Interestingly, the GAO noted that most federal financial regulators also use AI outputs to inform staff decisions but are not used as sole decision-making sources, validating this human-centric approach.
Credit unions should lean into this model, and regulators should view it as a baseline standard for many AI applications in the sector.
Demand Transparency, Auditability, and Fairness by Design
The AI systems being deployed in financial institutions must align with principles of trustworthy AI, as highlighted by frameworks like NIST’s AI Risk Management Framework, which the GAO also referenced. This means they must be explainable, both internally and externally. Teams need to understand what data is being used, how predictions are being generated, and what actions are being recommended.
More importantly, members deserve assurance that the AI tools used on their behalf are transparent, auditable, and inherently fair by design – mitigating bias and ensuring valid, reliable outcomes.
The good news is that this kind of transparency is not theoretical. It is already being implemented in credit unions today. Teams are successfully using AI-driven tools with insight into inputs, logic, and performance without needing in-house data science teams or complex data infrastructure.
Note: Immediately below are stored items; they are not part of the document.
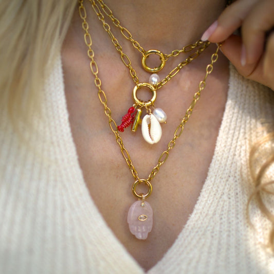 Gold Kette mit Anhänger – Rosenquarz Charm, vergoldet & erweiterbar
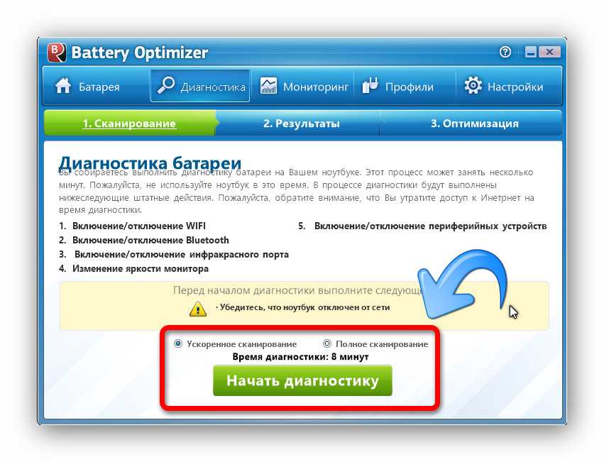 Есть поверхностный и глубокий режимы диагностики. Глубокий — более точный, но долгий. Во время диагностики рекомендуется не пользоваться ноутбуком. При этом программа может отключать и включать устройства компьютера (wi-fi, bluetuth, внешние устройства) и менять яркость дисплея. И, конечно же, ноутбук должен не заряжаться во время диагностики, то есть быть отключённым от зарядного устройства.
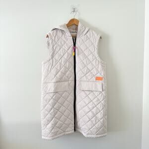 Details: Nikki Jones Montreal Spring 24 Collection Hooded Mid-Length Quilted Vest- Size: M- Color: Cream/White (Hint of Pink) - Material: 47% Viscose, 34% Polyurethane, 11% Polyester, 5% Cotton, 3% Metal- Features: Quilted, zip up, hooded, pockets, lined, dry clean, mid length, comfort, breathable, bodywarmer, outdoor, winter, casual.

The lesson here is simple: ethical AI is not just possible, it is already in practice. Now the challenge is making this the norm, not the exception.
Do Not Wait for Regulation to Catch Up
Credit unions cannot afford to put innovation on hold until new guidance arrives, especially given the GAO’s finding that NCUA’s current model risk management guidance is “limited in scope and detail” and doesn’t sufficiently cover AI models.
Member expectations are quickly evolving. Consumers are increasingly accustomed to hyper-personalized digital experiences in every aspect of life, from streaming services to online shopping, and they now expect the same from their financial institutions.
AI has the potential to help credit unions deliver that experience safely, effectively, and at scale. However, this requires institutions to start now with clear internal policies, robust ethical use frameworks, and cross-functional alignment between IT, risk, compliance, and business teams.
Getting ahead of regulatory change is not just a compliance play. It is a strategic move that also positions credit unions to build and retain member trust.
Shape the Regulatory Conversation
Finally, credit unions have a chance to lead the conversation, not just react to it. Industry associations, research collaboratives, leagues and forward-thinking executives should work together to define what good AI governance looks like in our unique context.
That means advocating for principles that reflect the cooperative mission of credit unions: inclusion, fairness, and member wellbeing. Sharing successful case studies and demonstrating how responsible AI can enhance, not endanger, trust will be crucial in shaping this conversation.
We cannot let fear slow the momentum of meaningful innovation. Instead, we must shape a framework that allows credit unions to innovate with confidence, protect what matters, and better serve the communities that depend on them.
The future of AI in credit unions is not a question of if; it is a question of how well we rise to this moment.
Mitch Rutledge is CEO of Vertice AI.